### Assigned task
Below are the entries; give again exactly the lines from the one mentioning "根据2024基金年报公募基金" through the one mentioning "Sarah B. Royal", inclusive.

### Working data

■ ■ ■ ■

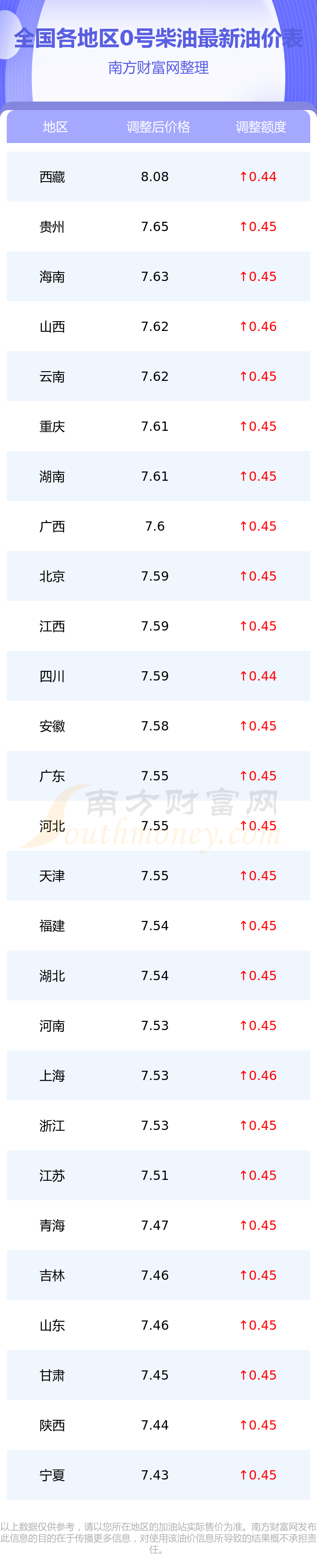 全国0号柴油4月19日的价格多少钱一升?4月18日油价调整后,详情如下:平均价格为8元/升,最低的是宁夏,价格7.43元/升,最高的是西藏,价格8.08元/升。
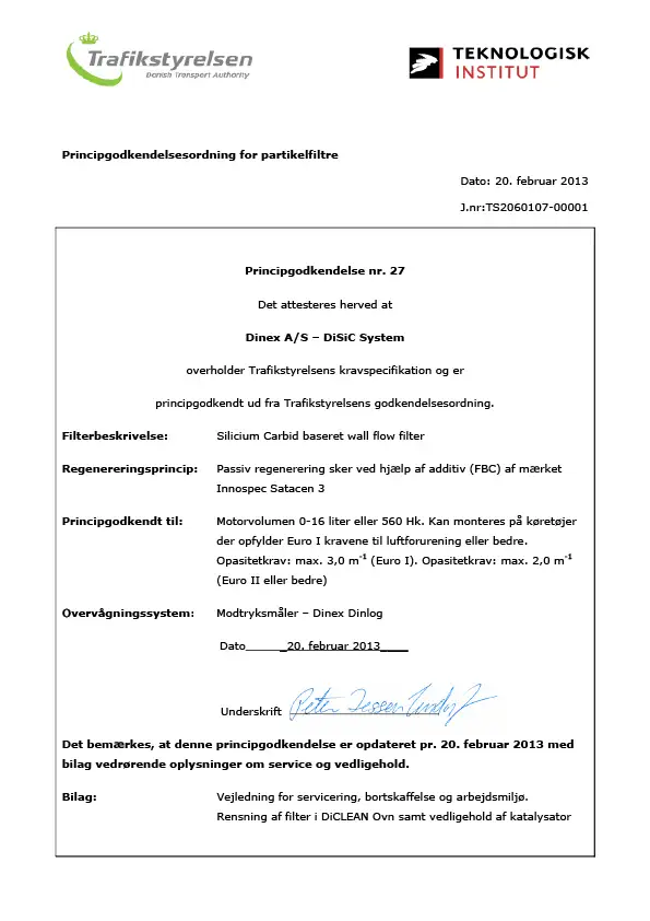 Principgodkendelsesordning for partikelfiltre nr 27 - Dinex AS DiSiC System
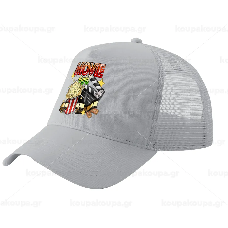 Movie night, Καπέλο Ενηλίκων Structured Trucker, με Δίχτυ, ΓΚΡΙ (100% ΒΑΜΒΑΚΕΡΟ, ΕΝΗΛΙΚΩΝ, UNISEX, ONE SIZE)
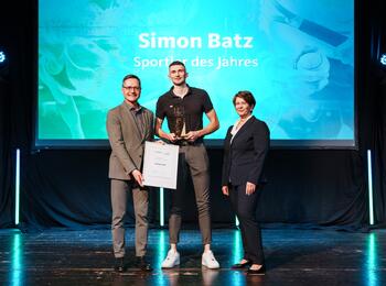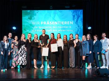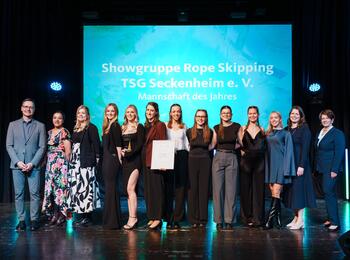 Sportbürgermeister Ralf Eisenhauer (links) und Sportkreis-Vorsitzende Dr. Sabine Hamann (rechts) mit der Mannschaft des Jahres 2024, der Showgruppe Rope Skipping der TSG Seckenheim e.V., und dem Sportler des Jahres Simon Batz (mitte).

■ ■ ■ ■

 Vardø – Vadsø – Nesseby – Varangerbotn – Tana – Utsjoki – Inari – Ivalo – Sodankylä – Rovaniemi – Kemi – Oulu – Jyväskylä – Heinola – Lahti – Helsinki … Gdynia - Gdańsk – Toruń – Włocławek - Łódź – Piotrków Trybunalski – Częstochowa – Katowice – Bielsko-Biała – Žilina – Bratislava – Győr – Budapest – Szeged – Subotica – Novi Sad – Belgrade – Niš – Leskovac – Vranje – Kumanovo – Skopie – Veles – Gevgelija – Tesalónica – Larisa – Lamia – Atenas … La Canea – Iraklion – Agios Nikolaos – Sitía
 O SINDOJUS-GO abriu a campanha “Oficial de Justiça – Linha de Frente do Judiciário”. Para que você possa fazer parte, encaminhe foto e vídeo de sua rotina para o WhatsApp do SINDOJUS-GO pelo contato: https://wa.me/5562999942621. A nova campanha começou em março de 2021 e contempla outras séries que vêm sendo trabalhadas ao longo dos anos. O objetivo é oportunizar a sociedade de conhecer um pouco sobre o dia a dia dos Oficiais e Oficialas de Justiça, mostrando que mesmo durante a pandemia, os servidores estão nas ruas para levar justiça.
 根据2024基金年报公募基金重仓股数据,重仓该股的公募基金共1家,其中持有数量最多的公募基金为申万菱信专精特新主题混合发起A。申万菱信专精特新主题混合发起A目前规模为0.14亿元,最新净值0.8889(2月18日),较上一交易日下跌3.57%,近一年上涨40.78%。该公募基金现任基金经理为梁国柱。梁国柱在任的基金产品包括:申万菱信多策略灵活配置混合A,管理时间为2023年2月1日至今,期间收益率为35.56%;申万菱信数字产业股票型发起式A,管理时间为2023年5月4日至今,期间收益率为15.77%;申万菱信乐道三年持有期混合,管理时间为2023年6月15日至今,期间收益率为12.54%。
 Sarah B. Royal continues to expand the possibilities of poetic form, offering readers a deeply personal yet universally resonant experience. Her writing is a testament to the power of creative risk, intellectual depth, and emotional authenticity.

■ ■ ■ ■

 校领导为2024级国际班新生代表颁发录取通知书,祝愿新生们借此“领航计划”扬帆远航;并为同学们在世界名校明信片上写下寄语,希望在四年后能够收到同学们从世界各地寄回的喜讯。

■ ■ ■ ■

### Answer box
 根据2024基金年报公募基金重仓股数据,重仓该股的公募基金共1家,其中持有数量最多的公募基金为申万菱信专精特新主题混合发起A。申万菱信专精特新主题混合发起A目前规模为0.14亿元,最新净值0.8889(2月18日),较上一交易日下跌3.57%,近一年上涨40.78%。该公募基金现任基金经理为梁国柱。梁国柱在任的基金产品包括:申万菱信多策略灵活配置混合A,管理时间为2023年2月1日至今,期间收益率为35.56%;申万菱信数字产业股票型发起式A,管理时间为2023年5月4日至今,期间收益率为15.77%;申万菱信乐道三年持有期混合,管理时间为2023年6月15日至今,期间收益率为12.54%。
 Sarah B. Royal continues to expand the possibilities of poetic form, offering readers a deeply personal yet universally resonant experience. Her writing is a testament to the power of creative risk, intellectual depth, and emotional authenticity.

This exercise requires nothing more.